How to Fix the Worst Legislative Body Ever

No, not you, City Council. (This time.)

It would be super easy, if a little obvious, to focus this post on the rage that has clouded my mornings—that’s when I listen to the news—since the debt ceiling debates began.

Lord knows I think about it enough. The red haze of fury really began back a few months ago, when a startling number of representatives elected to help create jobs instead decided to blather on about abortion—and really even before that, during the health care debates, when many of those same representatives were hell-bent on making sure that the most helpless among us stay that way.

But this time? This transgression? I have to turn off the radio every morning lest I put a fist through the wall when I hear someone like Mitch McConnell say that his primary goal is to make his president a one-term president (Ah, yes—petty partisan vengeance! Just what Jefferson had in mind!), or listen to someone like Michelle “the Founding Fathers worked tirelessly to end slavery” Bachman attempt to explain why she understands the economy better than the world’s foremost economists.

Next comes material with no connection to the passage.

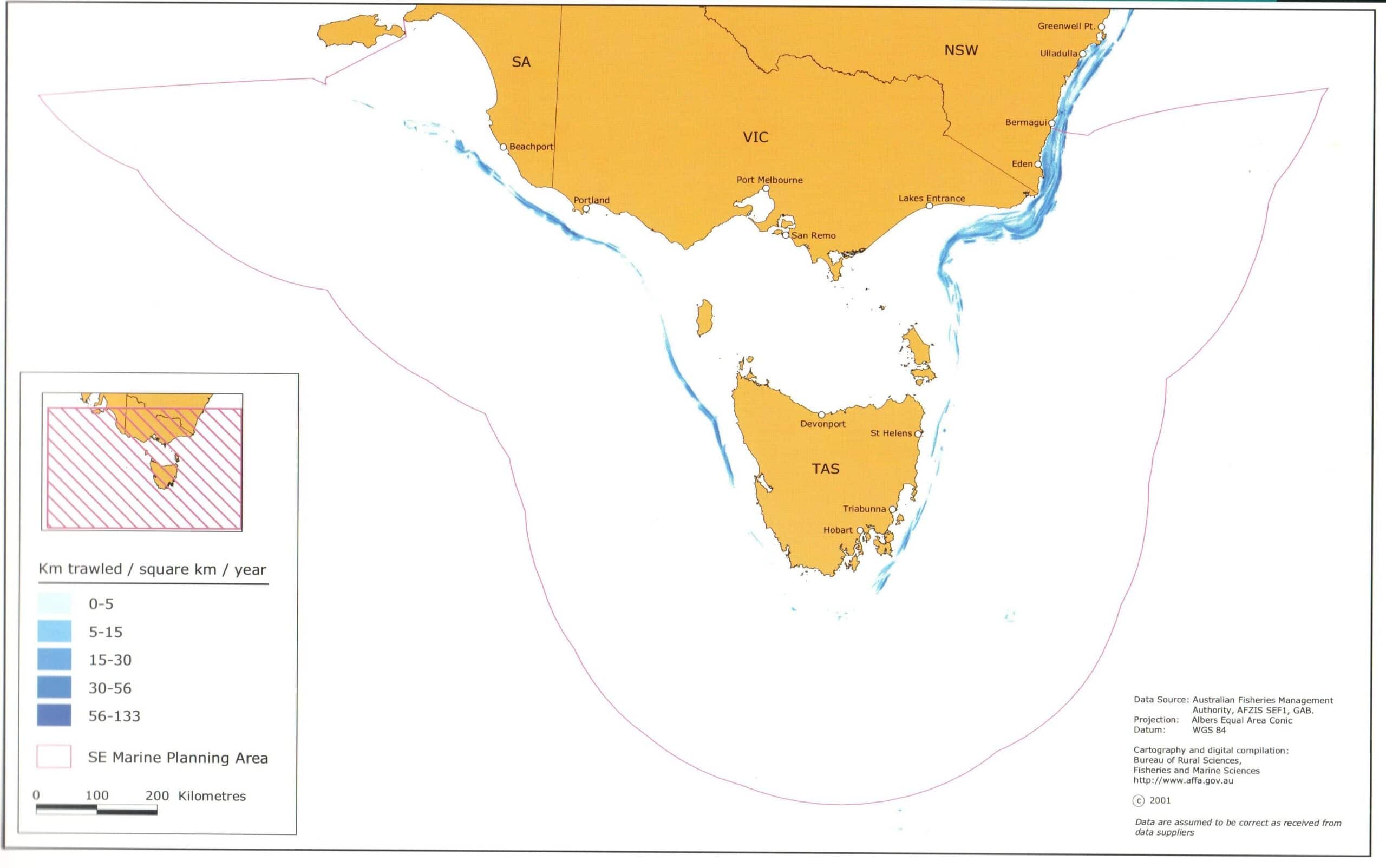 Fishing effort (km trawled/square km/year) by South East Trawl otter trawl vessels at the height of the trawl industry between 1995 –and 1999 (Larcombe et al, 2002). This footprint predates marine parks, most fishery closures and licence buy-backs so is currently much smaller and declining.

But. To focus on the anger is pointless—Congress certainly hasn’t taken into account the fact that its constituents (read: its bosses) are angry. And most are: Yesterday, the Washington Post reported that polls showed almost 60 percent of Republicans weren’t happy with their representatives behavior of late. In any other world, to fail so utterly at the job one is paid to do ends in job termination: In Congress, the workers label their failures as “sticking to ideals” and then have the cojones to talk about their next term.

The gall of it all has got me thinking: We—their bosses—simply cannot let this happen again. There’s too much at stake.

I don’t just mean that we should simply vote them out (though, duh—of course we should, for failing to perform the task they were given, which at very least involves not bringing about avoidable economic disaster for the government and all of its citizens). No, I mean that we should come up with some new rules, a little sweeping reform that might keep more wasteful, disrespectful, arrogant, entitled, traitorous, undereducated jackholes from the honor and responsibility of serving in the House or the Senate.

A few things that might work?

1. One-term limits. Term limits have always been a good idea. But two terms—the usual suggestion—is obviously one too many, since the majority of representatives seem incapable of thinking of anything but their own re-election once in office. Let’s give them one three- or four-year term, and remove that burden of future elections.

2. Every child of every Congressman and Senators must go to either a public or a charter school.

3. No member of Congress gets better health care than the lowest ranking employee at Walmart.

4. Congress gets the same holidays off that we here at Philly Mag do (because deadlines are deadlines). That means no long recesses—but sometimes they can leave at 2 p.m. on the Fridays of holiday weekends.

5. No raises during their terms, except in the case of voter affirmation. (See rule 6.)

6. Accountability. Yearly reviews, conducted in the form of online voter polls that are open to every registered voter, will carry with them small raises or pay cuts for each politician, depending on the job-performance feedback.

7. Banners hung in every representative’s office, as well as the floors House and the Senate: “I am here serve my country and my constituents.”

8. Weed out the dummies. Before taking office, every representative will need to pass a test to make sure that he/she does, in fact, know more than a fifth grader when it comes to American history, democratic philosophy, possibly even a little math and economics.

9. Required summer reading: The Constitution. (Extra credit: the Federalist Papers, Paine, Locke, Rousseau, and selected speeches of Abraham Lincoln.)

That’s just a start of course, but a few of those things might help a little, right?

So long as we don’t wait on our Congress to actually pass it, I mean.